Но надолго ли накинулся он на книги (если только правда, что «накинулся»)? Во всяком случае, слова «и до сей поры» — весьма сомнительны. Все его развитие, все образование совершалось тоже «на лету», давалось ему и усваивалось им по его способностям легко, следствием чего и вышло то, что в смысле — как бы это сказать? — интеллигентности, что ли, — уровень его произведений был вполне обычный. Нужно помнить еще и то, что он всю жизнь пил, так что даже удивительно, как он мог при этом писать, да еще нередко так ярко, крепко, здраво, вообще в полную противоположность с тем, как он жил, каким был в жизни, а не в писательстве.

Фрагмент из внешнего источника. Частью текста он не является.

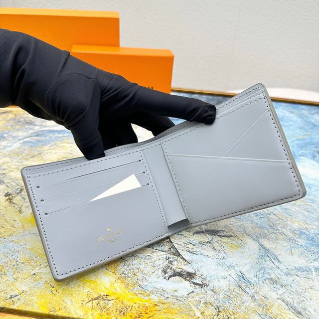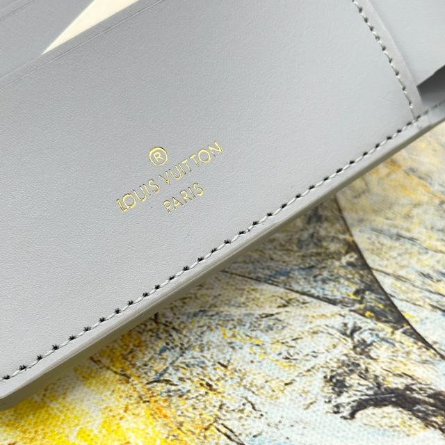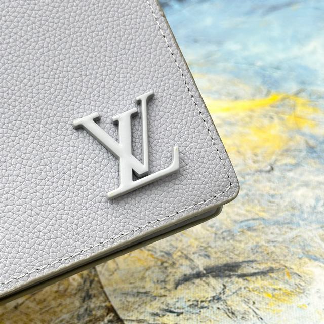 Multiple 钱夹M81026采用经过特殊处理的 Aerogram 牛皮革,呈现旧式航空信笺一般的柔软质感,彰显品牌对旅行艺术的无限热忱,点缀金属 LV 标识。既是日常功能之选,亦可成就馈赠佳礼。11.5 x 9 x 1.5 厘米 号码011170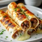 - Assemble Roll Ups: Spoon the cheesy beef and vegetable mixture evenly onto each low-carb tortilla. Roll each tortilla tightly to encase the filling.

Как он жил, каким он был в жизни, известно. И вот что замечательно: та разница, которая была между тем, как он жил и как писал. Критики без конца говорили о необыкновенной «стихийности», «непосредственности» его произведений, о той «первичности переживаний, которыми они пленяют». Читаешь о нем и сейчас то же самое: «Помешали Куприну стать великим писателем только стихийность его дарований и истинно русская небережливость: слишком большое доверие к «нутру», в ущерб законченности и отделанности во всех смыслах… то, что он «не кончил консерватории», как говорили символисты о бытовиках… в своем творчестве Куприн, по самой природе своей, не-книжный человек, не вдохновлялся литературными сюжетами… Ни в нем, ни в его героях не было двойственности…» Все это требует больших оговорок. Точно ли не было двойственности в нем? Жил он действительно «стихийно», «непосредственно», «по нутру» — тут ему и впрямь всякое море было по колено, тут он так не ценил ни своего тела, ни ума, ни сердца, ни своей репутации, что был и еще долго будет притчей во языцех. А каким был как писатель? Нет, «консерваторию» он проходил (это уже другое дело, какую именно). И в силу его талантливости, той быстроты, с которой он набивал руку в писательстве, далеко не все шло ему на пользу тут.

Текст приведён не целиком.